After a supposedly lengthy and exhaustive international selection process, it became increasingly clear that caretaker coach Durakovic would be handed the keys full time.
The only real surprise from the announcement was that Francis Awaritefi will be the club’s ‘director of football’ – a role not previously held at the Victory, and given to someone who’s worked as a TV analyst for the last decade.
Durakovic won the job on the back of five patchy Asian Champions League matches which ended with just one win and a last-place finish in their group. He employed a slightly more attacking formation, however few new faces were introduced. He connected well with the media, which ensured his name remained relevant and positive throughout the questionable selection process.
In Tuesday’s press conference, all the right things were said. The usual boasting about the being the biggest club in Asia and the predictable rhetoric about wanting to play like Barcelona.
To be fair to Durakovic, I don’t believe he was complicit in all the shady dealings and half-truths of the last couple of months. Instead, I think he was a pawn in a much larger game.
The truth is Durakovic won the job for two main reasons above all else: because he’ll work cheap, but most crucially, he has Muscat in his corner. Or at least on his ticket.

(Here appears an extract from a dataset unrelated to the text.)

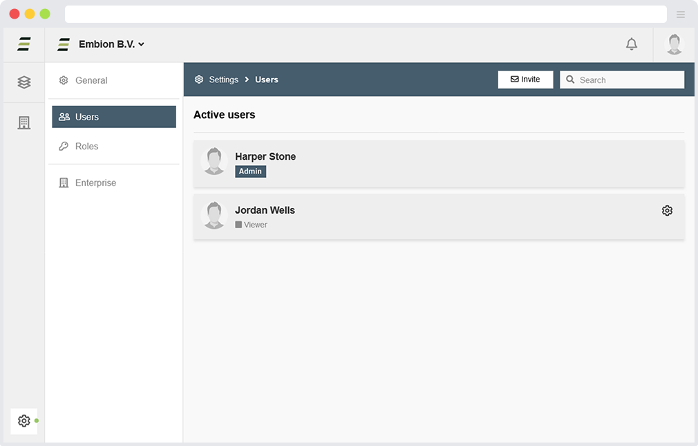 De gebruikerspagina toont alle gebruikers binnen de enterprise. Nieuwe of bestaande gebruikers van de HUB kunnen worden toegevoegd door op de uitnodigingsknop te drukken. Door op een activie gebruiker van de enterprise te drukken, kunnen rollen worden toegewezen.

Muscat’s role in Durakovic’s hiring can’t be understated. The Victory hierarchy, both before and after Ernie Merrick’s tenure, has been seduced by him and views him as a prodigal son. Where others see a thug, the club sees a passionate soldier. Instead of a dogged defender, Victory sees a tactical genius. Most of all they view him as crucial to ticket and membership sales and the logical successor if things don’t quite work out with Mehmet.
Which brings us back to Durakovic. First and foremost, he should be warmly congratulated on winning the role. He was neither groomed for it, nor possessed the text-book coaching or playing pedigree despite more than 60 caps with the Socceroos.
What Durakovic does bring to the job is genuine enthusiasm and passion for the game. He mightn’t be the most articulate and inspiring media performer but he developed an excellent rapport with the players at a time when morale was at its lowest. Most importantly, he was in the right place at the right time. An accidental hero, if you like.
When Merrick was sacked, the board’s plan A was to poach Ange Postecoglou from Brisbane. The only problem was Ange wasn’t ready to return to Melbourne while the Victory wasn’t actually in possession of a plan B.
Thankfully for the board, Durakovic’s ACL rehearsal wasn’t a complete embarrassment which meant they could publically justify their decision rather than going with a more profiled, perhaps more experienced and qualified candidate. Having the media on their side throughout the process helped a great deal.
However, none of this is to suggest that Durakovic can’t emerge as the real winner from this unfortunate set of events. For starters, he’ll inherit a decent team strengthened by the additions of Marcos Rojas and Jean Carlos Solorzano, while he’ll surely have a far fitter Carlos Hernandez to work with.
The best Durakovic can do is put his head down and concentrate on the job of making the Victory the relevant force it once was and perhaps mould the team into the regional force it keeps telling us it is. The worst he can do is to start second-guessing his appointment and looking over his shoulder at Kevin Muscat.
Yes, the Victory appointment was underwhelming yet so too was Postecoglou’s at Brisbane and Holger Osieck’s at the Socceroos, yet both will go down now as among the very best in the history of the sport in Australia.
Hopefully Durakovic can ride out all the board’s double-speak, prove them wrong and win the job for a second time – this time under more transparent circumstances.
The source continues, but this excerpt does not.